BEGIN SOURCE DATA

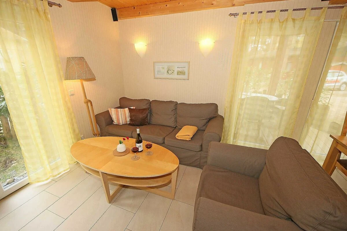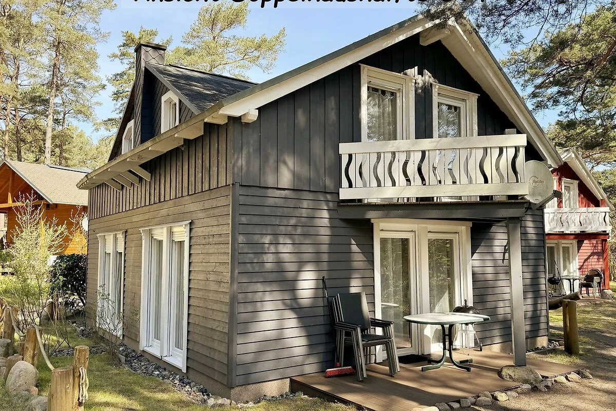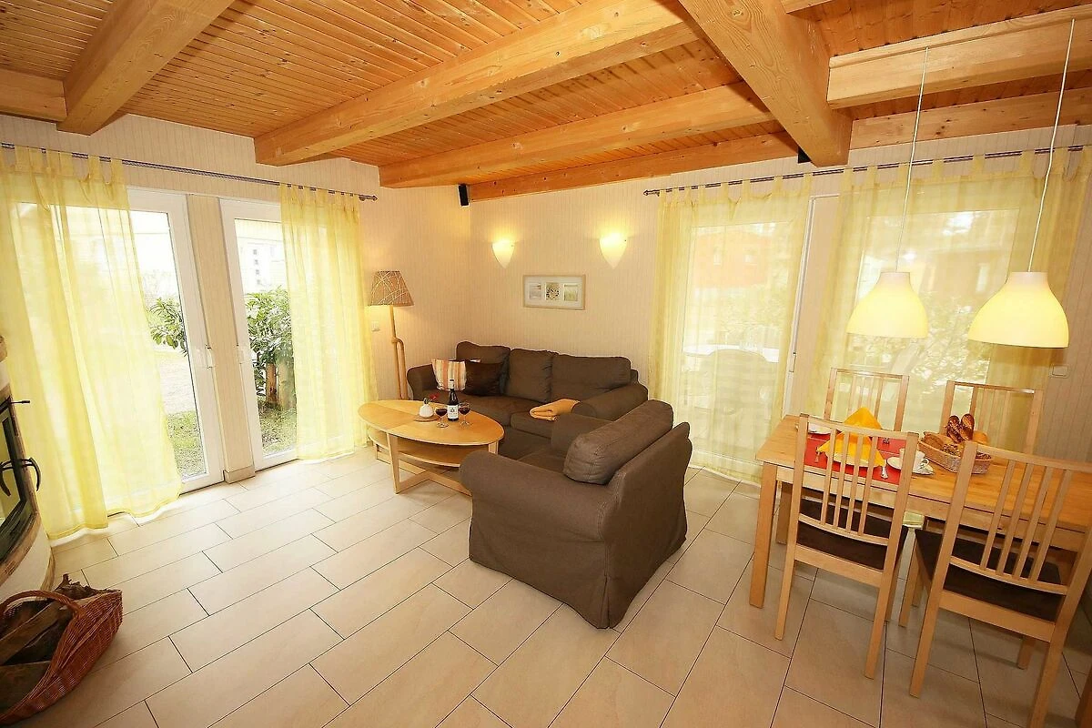 Die Doppelhaushälfte (Nichtraucher) mit Ihren 55 m² Wohnfläche bietet ausreichend Platz für 4 Erw. + 1 Kleinkind bis 3 Jahre im Kinderreisebett. Die bodentiefen Fenster im Wohn-/Essbereich lassen viel Tageslicht herein und geben Ihnen den direkten Zugang zur überdachten und bestuhlten Terrasse (Süd-Ost). Abgerundet wird diese durch einen Grill. Der gemütlich, im Schwedenstil, eingerichtete Wohnbereich ist mit einer Couchecke, Couchtisch, LCD-TV mit HD-Qualität und Satellitenempfang, DVD-Player mit Radio und ein Sideboard aus Naturholz ausgestattet. Für die kühleren Tage bieten Ihnen der Kamin (Kaminholz inklusive) sowie die Fussbodenheizung eine angenehme Wärme. Ihre Unterhaltungstechnik wird durch einen kostenfreien WLAN-Zugang abgerundet. Die angrenzende Küchenzeile mit Backofen, Ceranfeld, Dunstabzug, Kühlschrank + Eisfach, Spülmaschine, Mikrowelle, Kaffeemaschine, Toaster, Wasserkocher und kleinen Küchenhelfern lässt keine Wünsche offen. Ihre Mahlzeiten nehmen Sie am dazugehörigen Esstisch mit 4 Stühlen ein. Im Obergeschoss befinden sich beide Schlafzimmer die jeweils mit 2 Boxspringbetten (je mit 0,80 m x 2,00 m), Nachtischablagen, Safe und einem Kleiderschrank ausgestattet sind. Von beiden Schlafzimmern gelangen Sie auf den Balkon. Zusätzlich können Sie ein Kinderreisebett in eines der Schlafzimmer aufstellen. Das Tageslichtbad, was sich auf der gleichen Höhe befindet, wurde mit einer ebenerdigen Dusche, WC, Waschplatz, Handtuchtrockner und Fön ausgestattet. Für unsere kleinen Gäste steht Ihnen 1x Kinderhochstuhl und 1x Kinderreisebett (inkl. Matratze, ohne Bett Inlett) inklusive zur Verfügung. 2 kleine Haustiere sind gegen eine Gebühr gern gesehene Gäste. Eine kleine Waschküche steht Ihnen inklusive zur Verfügung. Die Erstausstattung eines Wäschepaketes (komplette Bettwäsche, 1 Duschhandtuch, 2 kleine Handtücher) können Sie bis 14 Tage vor Anreise gegen einen Aufpreis dazu buchen oder durch eigene ergänzen. Ab 2 gebuchten Paketen erhalten Sie einmalig 1 Geschirrhandtuch und 1 Duschvorleger hinzu.
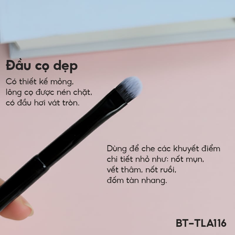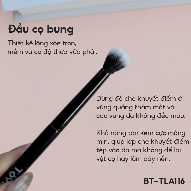 Cọ che khuyết điểm: Lấy lượng kem che khuyết điểm vừa đủ lên vùng cần che. Tán đều theo động tác dặm nhẹ hoặc miết nhẹ. Viền lại rìa cho tiệp da tự nhiên.
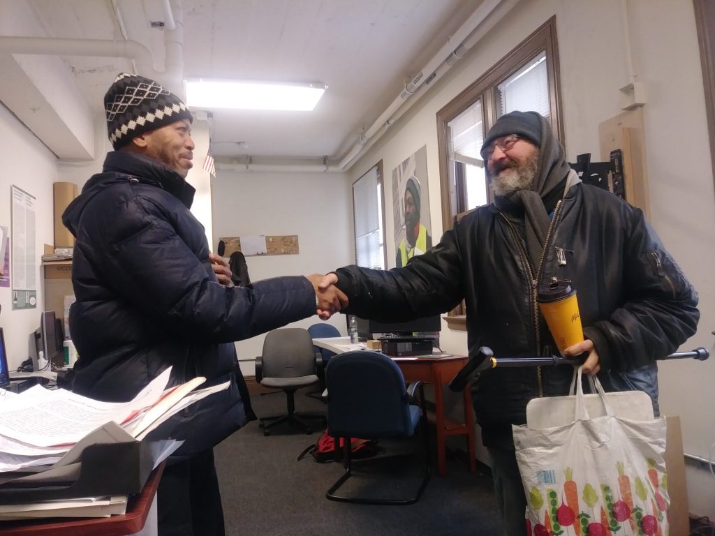 Jeffery (left) and Jeff (right) meet in the Street Sense offices in Washington DC
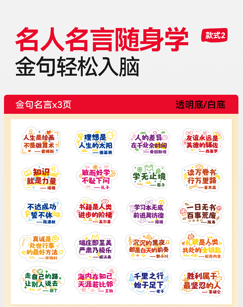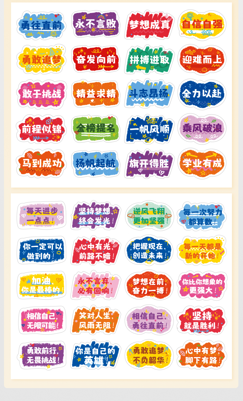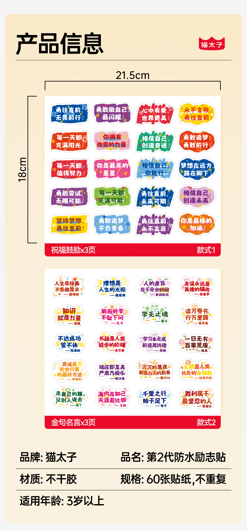【开学季】【限时秒杀】猫太子 励志贴纸防水励志金句名人名言祝福语环保油墨随贴易撕不留痕贴纸
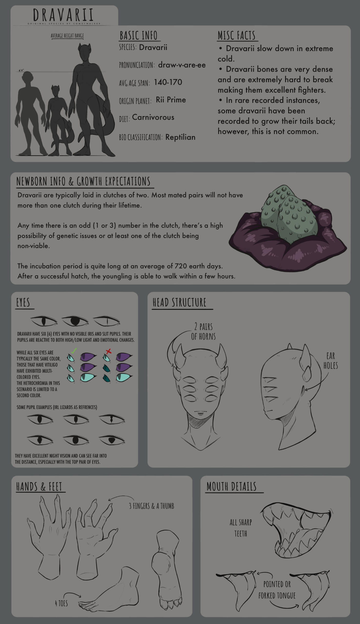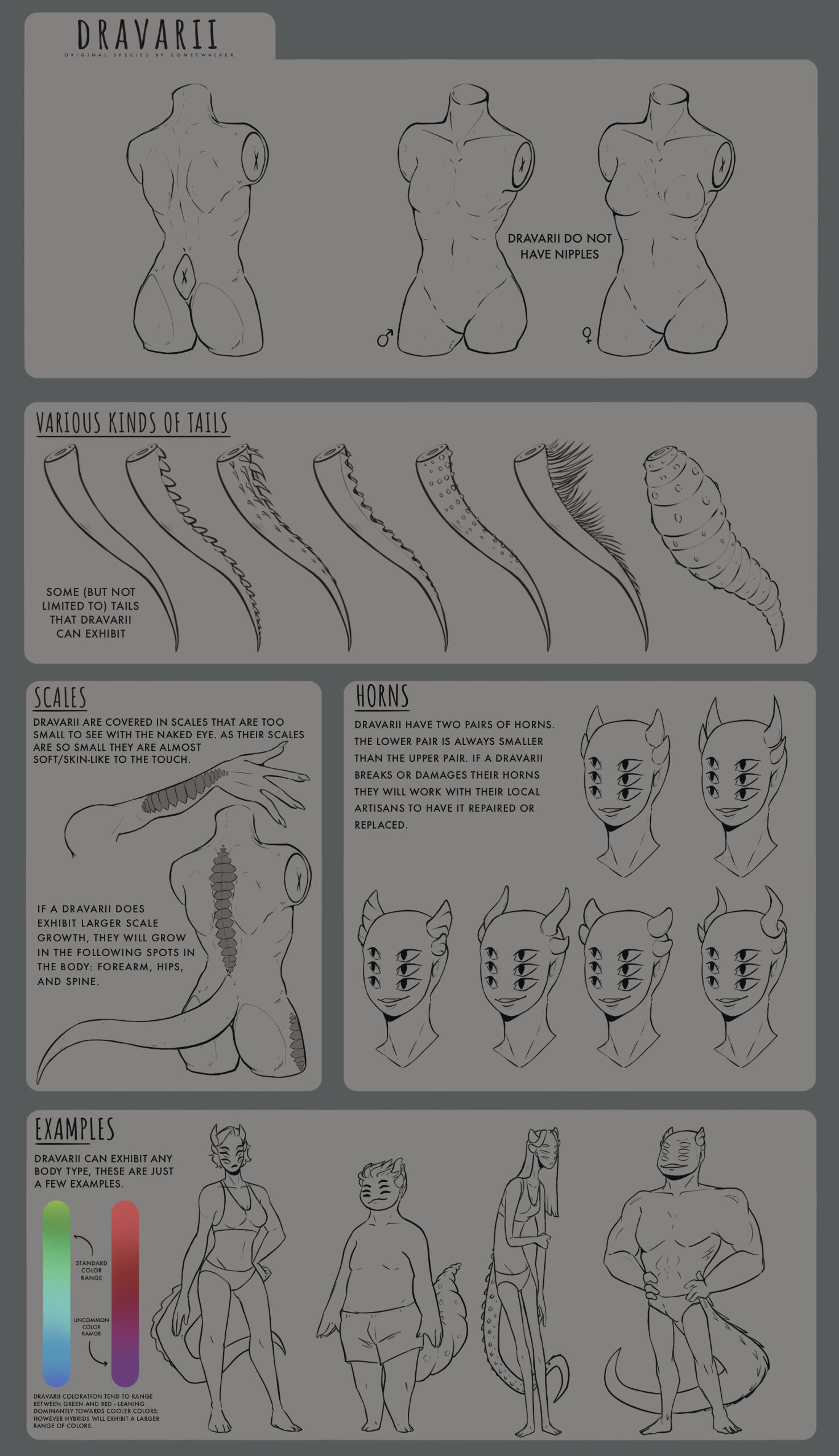 Dravarii aren't the most social species - not ones to go out of their way to be socialites by default. Many of them prefer to stick to the outskirts of larger cities, some running taverns, small inns, or shops. Those that do engage with others tend to find themselves in the science or similar sectors - allowing them to minimize their contact.Toyhouse

END SOURCE DATA

- EXERCISE DESCRIPTION
The job is to set down the whole listing exactly, excluding any images.

- TASK SOLUTION
 Die Doppelhaushälfte (Nichtraucher) mit Ihren 55 m² Wohnfläche bietet ausreichend Platz für 4 Erw. + 1 Kleinkind bis 3 Jahre im Kinderreisebett. Die bodentiefen Fenster im Wohn-/Essbereich lassen viel Tageslicht herein und geben Ihnen den direkten Zugang zur überdachten und bestuhlten Terrasse (Süd-Ost). Abgerundet wird diese durch einen Grill. Der gemütlich, im Schwedenstil, eingerichtete Wohnbereich ist mit einer Couchecke, Couchtisch, LCD-TV mit HD-Qualität und Satellitenempfang, DVD-Player mit Radio und ein Sideboard aus Naturholz ausgestattet. Für die kühleren Tage bieten Ihnen der Kamin (Kaminholz inklusive) sowie die Fussbodenheizung eine angenehme Wärme. Ihre Unterhaltungstechnik wird durch einen kostenfreien WLAN-Zugang abgerundet. Die angrenzende Küchenzeile mit Backofen, Ceranfeld, Dunstabzug, Kühlschrank + Eisfach, Spülmaschine, Mikrowelle, Kaffeemaschine, Toaster, Wasserkocher und kleinen Küchenhelfern lässt keine Wünsche offen. Ihre Mahlzeiten nehmen Sie am dazugehörigen Esstisch mit 4 Stühlen ein. Im Obergeschoss befinden sich beide Schlafzimmer die jeweils mit 2 Boxspringbetten (je mit 0,80 m x 2,00 m), Nachtischablagen, Safe und einem Kleiderschrank ausgestattet sind. Von beiden Schlafzimmern gelangen Sie auf den Balkon. Zusätzlich können Sie ein Kinderreisebett in eines der Schlafzimmer aufstellen. Das Tageslichtbad, was sich auf der gleichen Höhe befindet, wurde mit einer ebenerdigen Dusche, WC, Waschplatz, Handtuchtrockner und Fön ausgestattet. Für unsere kleinen Gäste steht Ihnen 1x Kinderhochstuhl und 1x Kinderreisebett (inkl. Matratze, ohne Bett Inlett) inklusive zur Verfügung. 2 kleine Haustiere sind gegen eine Gebühr gern gesehene Gäste. Eine kleine Waschküche steht Ihnen inklusive zur Verfügung. Die Erstausstattung eines Wäschepaketes (komplette Bettwäsche, 1 Duschhandtuch, 2 kleine Handtücher) können Sie bis 14 Tage vor Anreise gegen einen Aufpreis dazu buchen oder durch eigene ergänzen. Ab 2 gebuchten Paketen erhalten Sie einmalig 1 Geschirrhandtuch und 1 Duschvorleger hinzu.
 Cọ che khuyết điểm: Lấy lượng kem che khuyết điểm vừa đủ lên vùng cần che. Tán đều theo động tác dặm nhẹ hoặc miết nhẹ. Viền lại rìa cho tiệp da tự nhiên.
 Jeffery (left) and Jeff (right) meet in the Street Sense offices in Washington DC
【开学季】【限时秒杀】猫太子 励志贴纸防水励志金句名人名言祝福语环保油墨随贴易撕不留痕贴纸
 Dravarii aren't the most social species - not ones to go out of their way to be socialites by default. Many of them prefer to stick to the outskirts of larger cities, some running taverns, small inns, or shops. Those that do engage with others tend to find themselves in the science or similar sectors - allowing them to minimize their contact.Toyhouse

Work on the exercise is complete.